Similar to other engineering metrics, context matters. It’s important to understand teams and individuals in their day-to-day life to attain a clearer understanding of the situation. There is no single ‘burnout’ metric. Instead, teams need to rely on several indicators of team frustration and pain.
How to prevent developer burnout
Avoiding burnout requires teams to reduce firefighting, hardship, and toil. The goal should be to alleviate deployment pain and enable the fast flow of work from code to production, as well as to create a culture of learning, psychological safety, and fairness.
It starts with improving the organization’s DevOps practices. According to Accelerate:
Burnout can be prevented or reversed, and DevOps can help. Organizations can fix the conditions that lead to burnout by fostering a supportive work environment, by ensuring work is meaningful, and ensuring employees understand how their own work ties to strategic objectives.
Investments in DevOps strengthen the organization's developer experience, improving daily work. Over the long-term, better DevOps minimize several key risk factors for developer burnout.
To prevent burnout, teams should first embrace the principle of continuous improvement. Continuous improvement is a core idea in Lean methodology that advocates for incremental improvement in an organization’s performance through continuous measuring, learning, and experimentation. It creates a culture that measures and improves daily work, identifying potential development pains and prioritizing their fix.
Second, teams should create an environment that prioritizes psychological safety. They should provide engineers with the safety needed to experiment and learn from mistakes, instead of resorting to blame or finger pointing. Developers must be a part of the decision making process when it directly affects their work.
Third, teams must invest in the developer experience. Doing so requires teams to enable fast feedback, minimize thrash, and reduce fear.
In particular, organizations can reduce chronic stress by providing guardrails that improve the flow of work and remove fear and pain from deployments. Developers can quickly and confidently make changes to code when they have automated tests and environments, telemetry for performance visibility, loosely coupled architecture to isolate failures, and version control for fast rollbacks. Teams can also tackle technical debt on a recurring basis to avoid development stagnation and fear.
Can hybrid or remote work help prevent burnout?
Workplaces are quickly changing as the world grapples with a shift from office to remote or hybrid work. Such a seismic shift will likely change how teams identify and prevent burnout.
Remote work reduces time spent commuting and provides workers with greater control over their schedules. They benefit from more flexibility, which can allow them to spend more time with family and friends or pursue activities outside of work.
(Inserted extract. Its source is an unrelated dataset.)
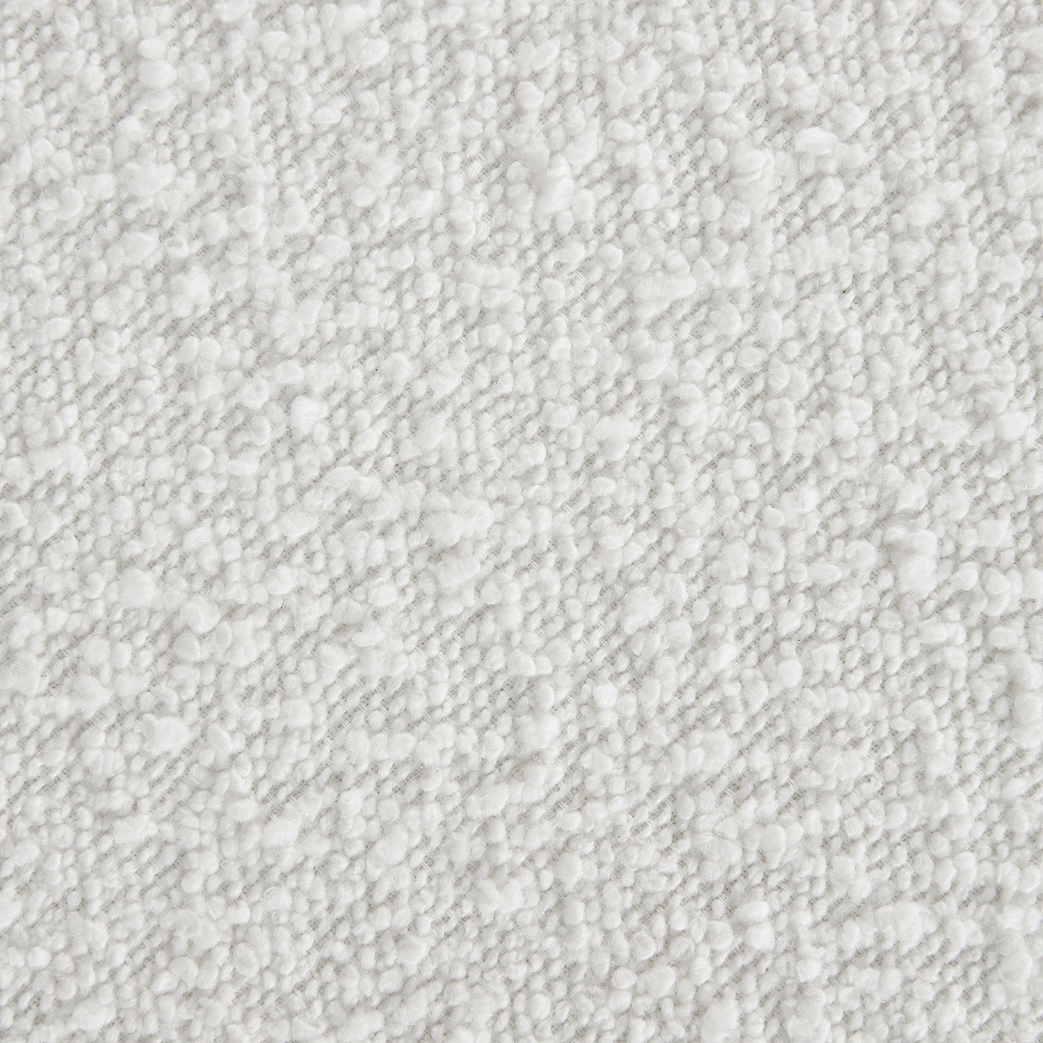 - Le siège recouvert de tissu bouclé ajoute une couche tactile de confort, créant un contraste harmonieux entre le grain du bois lisse et le tissu texturé.

Remote work can also lead to fewer distractions and more time spent in flow to work on meaningful tasks. Developers are interrupted less frequently by shoulder taps and open offices.
While hybrid and remote work can remove certain stressors, they can also create new ones. Workers may face unfamiliar challenges, such as a lack of face time with coworkers and less rigid work-life boundaries. Without cultural changes to grapple with their new work environment, newly remote teams increase their risk for burnout.
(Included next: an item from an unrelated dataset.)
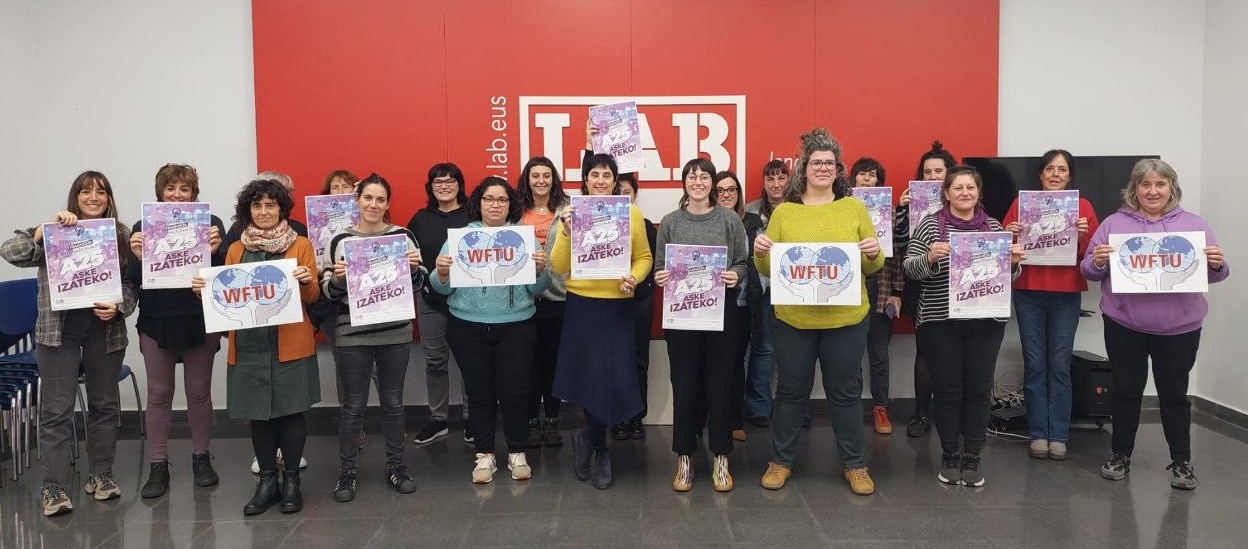 Munduko Federazio Sindikaleko Herrien Koordinakundetik denok libre izango garen mundu justu bat eraikitzeko, lantokiak emakumeentzako espazio seguru eta erosoak izan behar dutela adierazten dugu. Jazarpena, lanaldi hirukoitzak eta genero-arrakala dauden bitartean, klase sindikalgintza soberanistak zorra izango du emakume* langileekin, eta zor hori ordaindu egin behar da.

Engineering teams switching to remote work can also face DevOps issues during their transition. They need to grapple with new requirements, particularly around hardware and team communication.
For a successful transition, teams should monitor for changes in the development process to ensure their tools and practices still work well in their new workplace. If not, they need to adopt new ones that cater better to asynchronous communication and remote development.